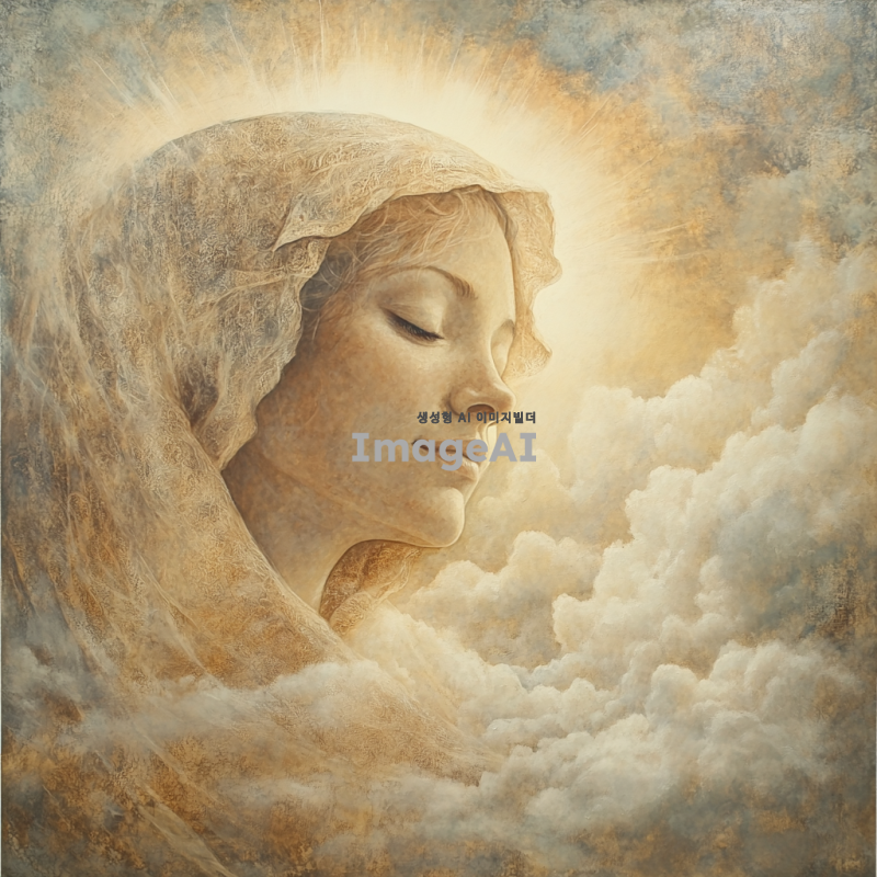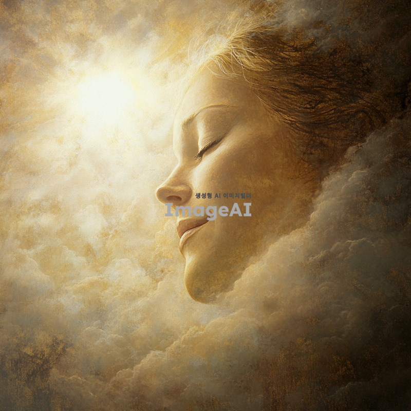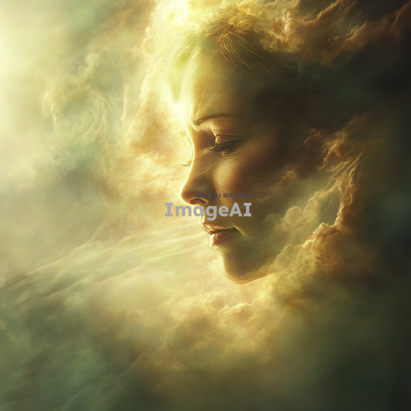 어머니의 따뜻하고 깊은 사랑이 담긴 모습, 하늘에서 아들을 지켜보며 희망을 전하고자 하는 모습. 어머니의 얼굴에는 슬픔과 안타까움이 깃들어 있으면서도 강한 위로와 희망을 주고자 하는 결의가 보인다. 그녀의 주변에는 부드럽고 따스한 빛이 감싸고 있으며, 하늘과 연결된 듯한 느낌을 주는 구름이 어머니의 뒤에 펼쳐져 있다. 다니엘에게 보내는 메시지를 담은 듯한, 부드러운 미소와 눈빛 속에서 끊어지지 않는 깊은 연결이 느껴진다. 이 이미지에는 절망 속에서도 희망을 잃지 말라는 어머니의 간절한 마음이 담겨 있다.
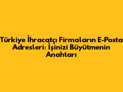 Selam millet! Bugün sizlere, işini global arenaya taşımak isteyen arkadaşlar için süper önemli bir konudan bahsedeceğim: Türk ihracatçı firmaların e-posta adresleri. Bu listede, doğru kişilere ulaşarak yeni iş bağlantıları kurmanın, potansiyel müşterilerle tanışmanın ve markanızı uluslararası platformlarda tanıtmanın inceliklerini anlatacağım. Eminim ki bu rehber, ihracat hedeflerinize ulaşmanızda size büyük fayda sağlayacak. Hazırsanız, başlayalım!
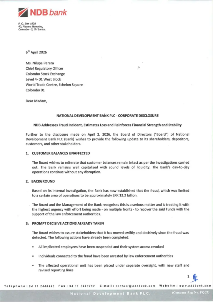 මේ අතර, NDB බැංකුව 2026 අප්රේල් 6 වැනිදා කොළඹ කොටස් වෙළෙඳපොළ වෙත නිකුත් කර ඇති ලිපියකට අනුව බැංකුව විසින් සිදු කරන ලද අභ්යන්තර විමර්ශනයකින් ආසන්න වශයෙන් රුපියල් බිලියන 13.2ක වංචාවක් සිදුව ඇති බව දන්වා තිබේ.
==========
The task requires the full listing to be given again verbatim, without its pictures.

 어머니의 따뜻하고 깊은 사랑이 담긴 모습, 하늘에서 아들을 지켜보며 희망을 전하고자 하는 모습. 어머니의 얼굴에는 슬픔과 안타까움이 깃들어 있으면서도 강한 위로와 희망을 주고자 하는 결의가 보인다. 그녀의 주변에는 부드럽고 따스한 빛이 감싸고 있으며, 하늘과 연결된 듯한 느낌을 주는 구름이 어머니의 뒤에 펼쳐져 있다. 다니엘에게 보내는 메시지를 담은 듯한, 부드러운 미소와 눈빛 속에서 끊어지지 않는 깊은 연결이 느껴진다. 이 이미지에는 절망 속에서도 희망을 잃지 말라는 어머니의 간절한 마음이 담겨 있다.
 Selam millet! Bugün sizlere, işini global arenaya taşımak isteyen arkadaşlar için süper önemli bir konudan bahsedeceğim: Türk ihracatçı firmaların e-posta adresleri. Bu listede, doğru kişilere ulaşarak yeni iş bağlantıları kurmanın, potansiyel müşterilerle tanışmanın ve markanızı uluslararası platformlarda tanıtmanın inceliklerini anlatacağım. Eminim ki bu rehber, ihracat hedeflerinize ulaşmanızda size büyük fayda sağlayacak. Hazırsanız, başlayalım!
 මේ අතර, NDB බැංකුව 2026 අප්රේල් 6 වැනිදා කොළඹ කොටස් වෙළෙඳපොළ වෙත නිකුත් කර ඇති ලිපියකට අනුව බැංකුව විසින් සිදු කරන ලද අභ්යන්තර විමර්ශනයකින් ආසන්න වශයෙන් රුපියල් බිලියන 13.2ක වංචාවක් සිදුව ඇති බව දන්වා තිබේ.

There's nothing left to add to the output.